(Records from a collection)
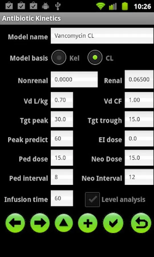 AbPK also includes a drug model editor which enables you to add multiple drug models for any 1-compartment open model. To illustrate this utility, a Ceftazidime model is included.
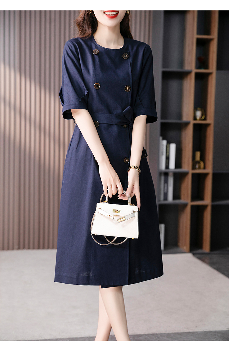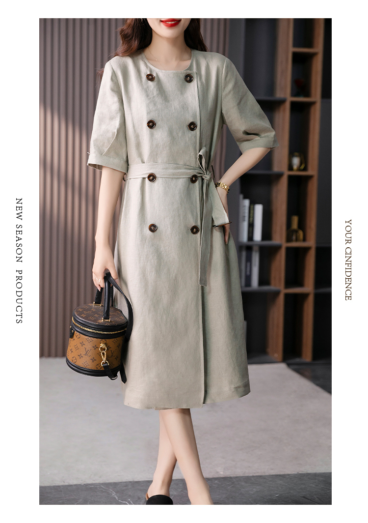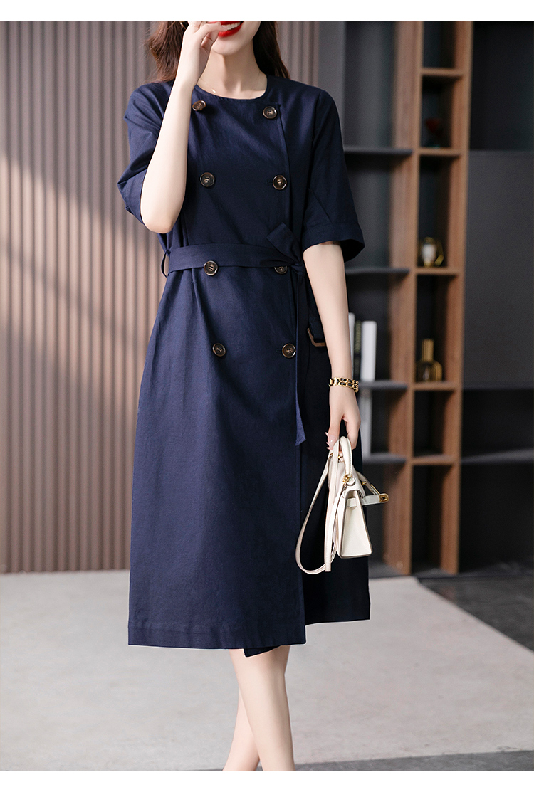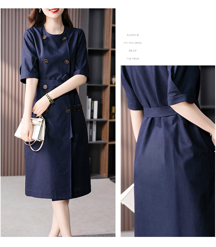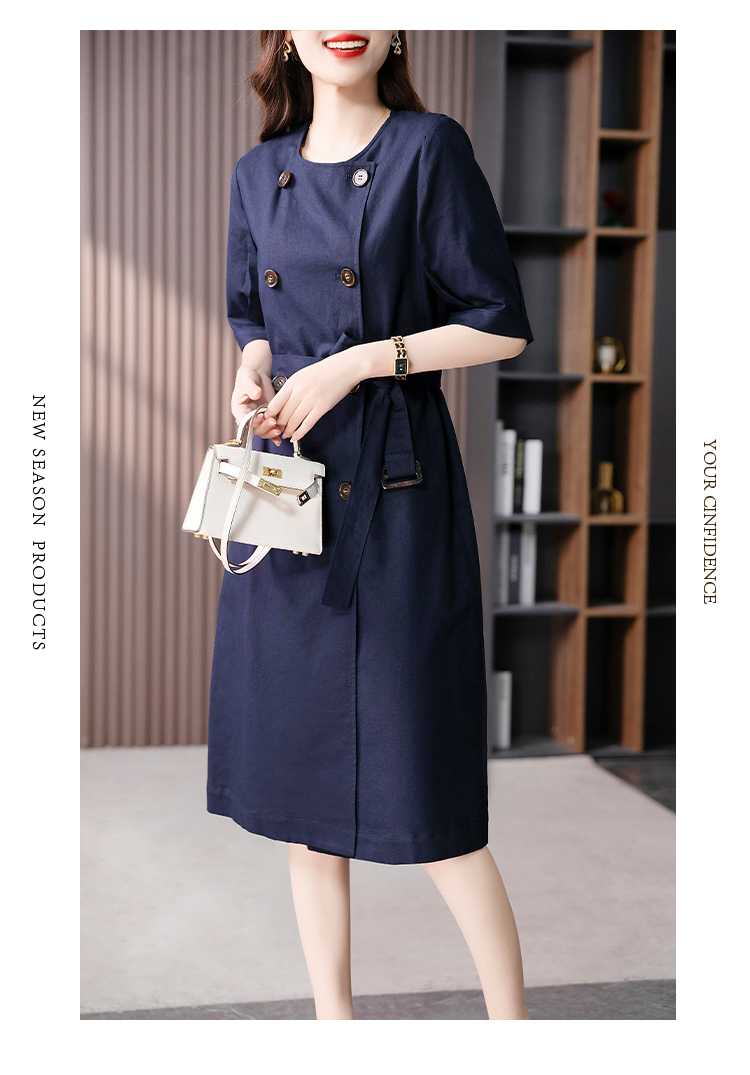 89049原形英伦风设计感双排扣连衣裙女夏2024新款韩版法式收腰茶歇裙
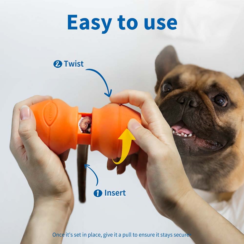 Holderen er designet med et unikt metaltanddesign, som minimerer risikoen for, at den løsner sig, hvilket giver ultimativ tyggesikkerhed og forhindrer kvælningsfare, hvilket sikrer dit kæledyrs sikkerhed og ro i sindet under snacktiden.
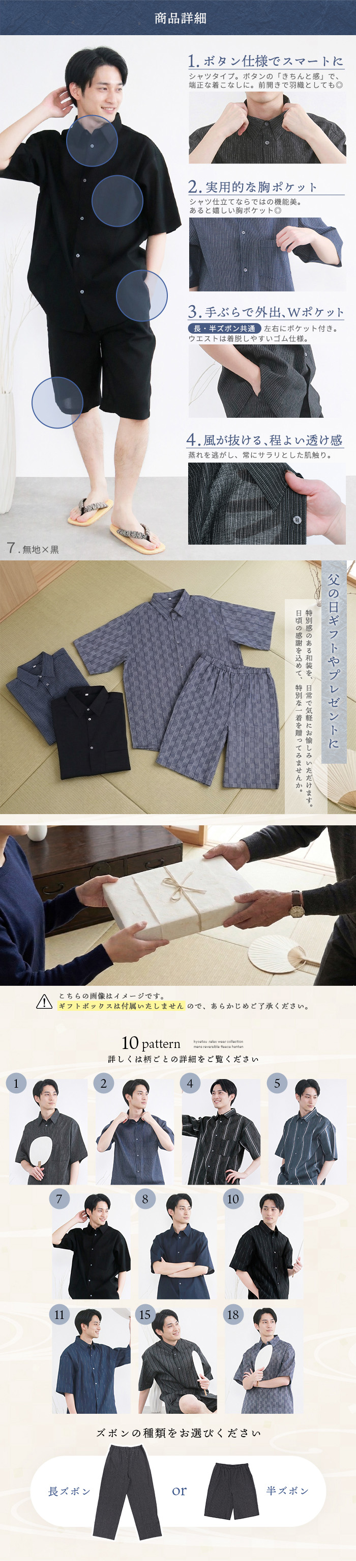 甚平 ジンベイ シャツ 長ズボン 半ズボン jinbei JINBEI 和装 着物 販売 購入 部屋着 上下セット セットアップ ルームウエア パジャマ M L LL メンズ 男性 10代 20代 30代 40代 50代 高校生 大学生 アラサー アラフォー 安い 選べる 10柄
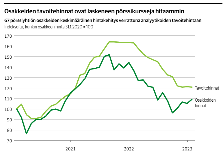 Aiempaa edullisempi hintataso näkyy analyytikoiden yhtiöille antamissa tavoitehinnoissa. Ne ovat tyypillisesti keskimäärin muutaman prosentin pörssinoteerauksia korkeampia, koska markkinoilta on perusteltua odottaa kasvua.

Aim of the task:
In the data above, find the line with "Holderen er designet" and repeat it and every line after it through the end, exactly; leave the pictures out.

Solved problem:
 Holderen er designet med et unikt metaltanddesign, som minimerer risikoen for, at den løsner sig, hvilket giver ultimativ tyggesikkerhed og forhindrer kvælningsfare, hvilket sikrer dit kæledyrs sikkerhed og ro i sindet under snacktiden.
 甚平 ジンベイ シャツ 長ズボン 半ズボン jinbei JINBEI 和装 着物 販売 購入 部屋着 上下セット セットアップ ルームウエア パジャマ M L LL メンズ 男性 10代 20代 30代 40代 50代 高校生 大学生 アラサー アラフォー 安い 選べる 10柄
 Aiempaa edullisempi hintataso näkyy analyytikoiden yhtiöille antamissa tavoitehinnoissa. Ne ovat tyypillisesti keskimäärin muutaman prosentin pörssinoteerauksia korkeampia, koska markkinoilta on perusteltua odottaa kasvua.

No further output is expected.